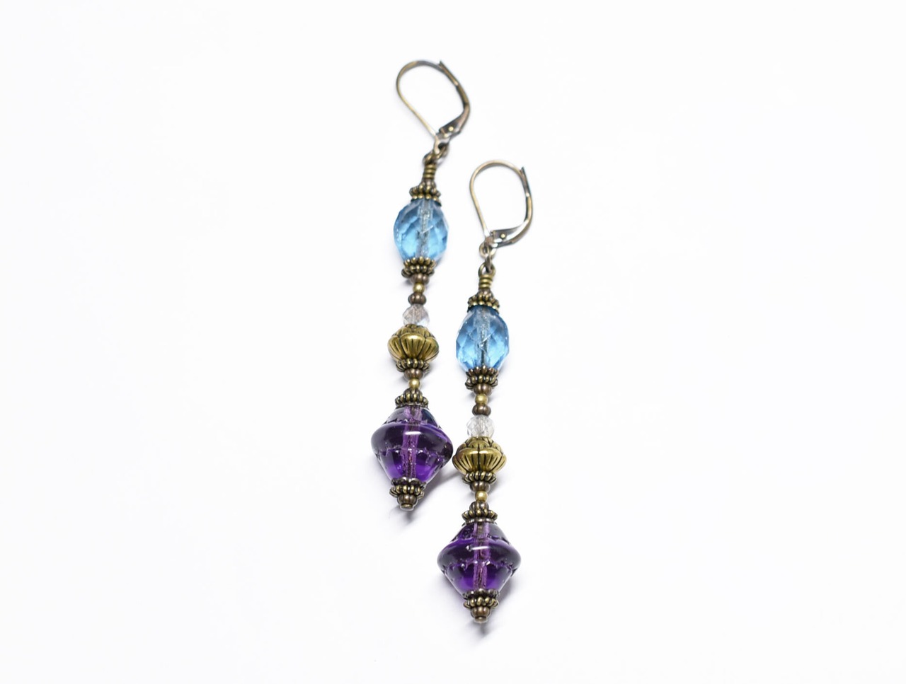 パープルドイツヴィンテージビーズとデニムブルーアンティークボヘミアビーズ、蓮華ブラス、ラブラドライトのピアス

* * *

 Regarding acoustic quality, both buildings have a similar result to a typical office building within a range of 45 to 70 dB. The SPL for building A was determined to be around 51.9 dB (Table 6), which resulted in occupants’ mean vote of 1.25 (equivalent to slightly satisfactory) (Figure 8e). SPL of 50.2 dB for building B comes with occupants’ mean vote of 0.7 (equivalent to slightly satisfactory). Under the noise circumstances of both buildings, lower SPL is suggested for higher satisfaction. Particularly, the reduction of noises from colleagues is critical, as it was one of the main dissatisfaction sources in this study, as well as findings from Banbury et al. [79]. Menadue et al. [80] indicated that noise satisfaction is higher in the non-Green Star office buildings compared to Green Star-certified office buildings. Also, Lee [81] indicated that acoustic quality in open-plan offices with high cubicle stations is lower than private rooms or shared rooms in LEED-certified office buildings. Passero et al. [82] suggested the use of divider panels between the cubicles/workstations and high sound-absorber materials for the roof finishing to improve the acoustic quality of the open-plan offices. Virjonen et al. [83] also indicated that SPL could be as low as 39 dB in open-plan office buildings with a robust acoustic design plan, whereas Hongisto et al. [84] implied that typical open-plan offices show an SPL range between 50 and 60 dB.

==

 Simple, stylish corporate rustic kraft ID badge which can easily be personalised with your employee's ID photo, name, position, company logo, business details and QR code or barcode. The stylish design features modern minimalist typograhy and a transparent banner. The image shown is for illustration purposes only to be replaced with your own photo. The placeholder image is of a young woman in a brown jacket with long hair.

▶ [Task requirements]: Your answer should be one number, the count of lines in the records that contain the word "which".

▶ [Response to the exercise]: 2